Abstract

I pulled 717 Golf Croquet handicap records from the CAQ database and tested whether the data matches the assumptions built into the Automatic Handicapping System. It does. The distribution of player indices follows a bell curve closely, and the trigger point spacing — narrow in the mid-range, wide at the top — is doing exactly what it was designed to do.

The most important finding is about perception, not mechanics. A handicap is a single number, but a player's performance on any given day is a range. A handicap 9 might play like a 5 or a 12. That variability is highest in the mid-range, where 90% of Queensland's players sit. In any tournament of reasonable size, results that look like "wrong handicaps" are statistically guaranteed. This is not a system failure. It is the nature of the sport at that skill level, and no adjustment to the system will change it. The answer is communication, not engineering.

The one structural change the data supports is to the divisions. The current three-division system places 55% of all players into Division 3. Rebalancing to four divisions — based on where the population actually clusters — produces roughly equal groups that each work as a proper tournament bracket.

*Data source: CAQ Handicap Records. 725 handicap records (mass-assigned round-number indices from the RevSport import) have been excluded from all analysis.


1. Data and Method

Handicap records were retrieved from the CAQ Handicap Database. After removing known placeholder values — bulk-assigned round-number indices that don't represent actual play — the working dataset contains:

GC AC RC
Players analysed 717 245 256
Mean index 1253 1273 1204
Median index 1254 1270 1250
Standard deviation 325 406 404

GC (Golf Croquet) has the largest sample and is the focus of this analysis. AC and RC are included for comparison.

The AHS assigns each player a running index that moves after every qualifying game. In handicap play (extra stroke or advantage), the winner gains +10 and the loser loses −10. In level play, a sliding scale applies: the exchange ranges from 1 to 19 points depending on the handicap difference between the players — an upset win by the weaker player shifts more points than a win by the favourite. When the index crosses a trigger point, the player's handicap changes. The spacing between trigger points is not uniform — it is wider at the top of the scale (elite players) and narrower in the middle and lower ranges. A mechanism called hysteresis prevents the handicap from bouncing back and forth — once your handicap changes, you have to reach the next trigger point before it changes back, not just slip back across the one you just crossed.


2. The Shape of the Population

Figure 1 — Player counts by GC handicap level

Bar chart showing player counts by GC handicap level

Each bar represents one handicap level. The population is concentrated between handicap 6 and handicap 12. Handicap 10 is the single largest group. The left-hand side of the chart — stronger players at handicap 4 and below — thins out rapidly. There are very few elite players relative to the mid-range. This is a typical profile for a state-level player base: a large recreational middle with a small competitive tail.
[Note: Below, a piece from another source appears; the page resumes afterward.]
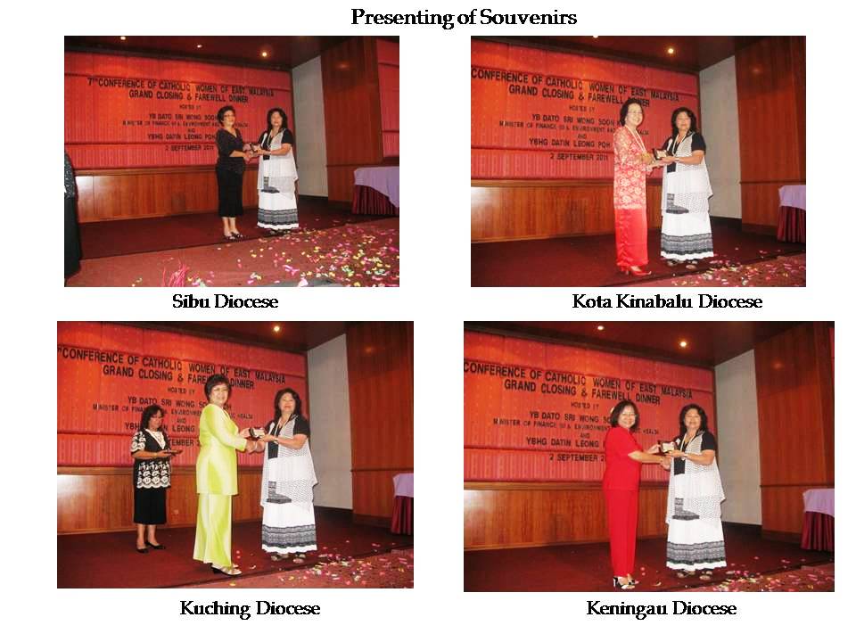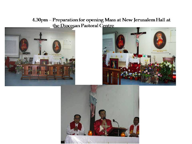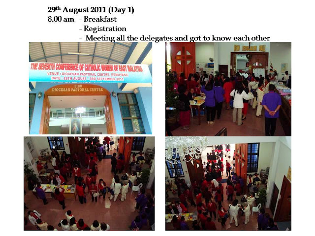 The first day of the event 29th August 2011, started with the Opening Mass presided by Co-adjutor Archbishop John Wong of Kota Kinabalu concelebrated by Bishop Dominic Su of Sibu and Fr Claudius of Keningau at the New Jerusalem Hall at the Diocesan Pastoral Centre. After Holy Mass, participants were feted to a dinner reception in a local restaurant with cultural presentations from the various arch/dioceses.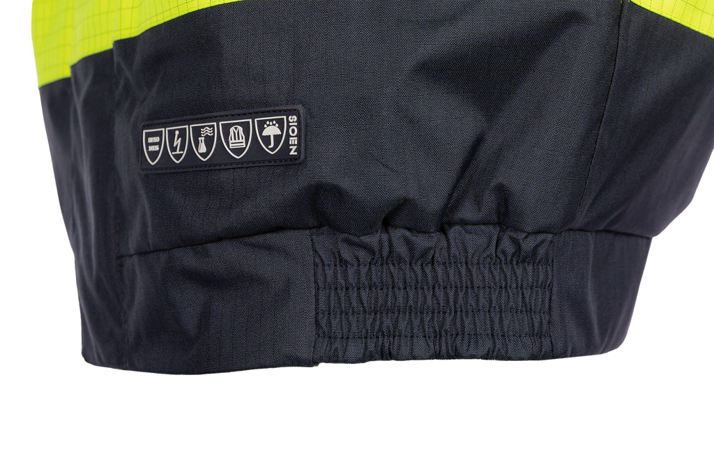 The Jibou is a multifunctional bomber jacket that protects you against many hazards. The bomber jacket is on the inside completely lined with a fixed flame retardant cotton lining. The outer fabric is a strong and high-breathing water repellent and coated fabric which makes the jacket wind and waterproof. For extra protection against the cold and the rain it is possible to narrow the sleeves, to zip in a fleece lining and attach a hood (both to be bought separately).

Figure 2 — GC index distribution with normal curve

GC index distribution histogram with normal curve overlay

The green histogram shows the actual distribution of player index values. The red curve is a normal distribution (bell curve) fitted to the same mean and standard deviation.

The two sit close together. The data follows the bell curve shape through the core of the population. There is a slightly sharper peak in the middle and the left tail (stronger players) drops away marginally faster than a perfect bell curve would predict, but these are minor deviations. For a real-world dataset of 717 players, this is a strong fit. The system's underlying assumptions about how player abilities are distributed hold up well against the actual Queensland data.

Figure 3 — All three codes compared

Box plots comparing GC, AC, and RC index distributions

Box plots comparing GC, AC, and RC. The horizontal line inside each box marks the median (the typical player). The box spans the middle 50% of the population. Whiskers extend to the broader range; dots beyond them are statistical outliers.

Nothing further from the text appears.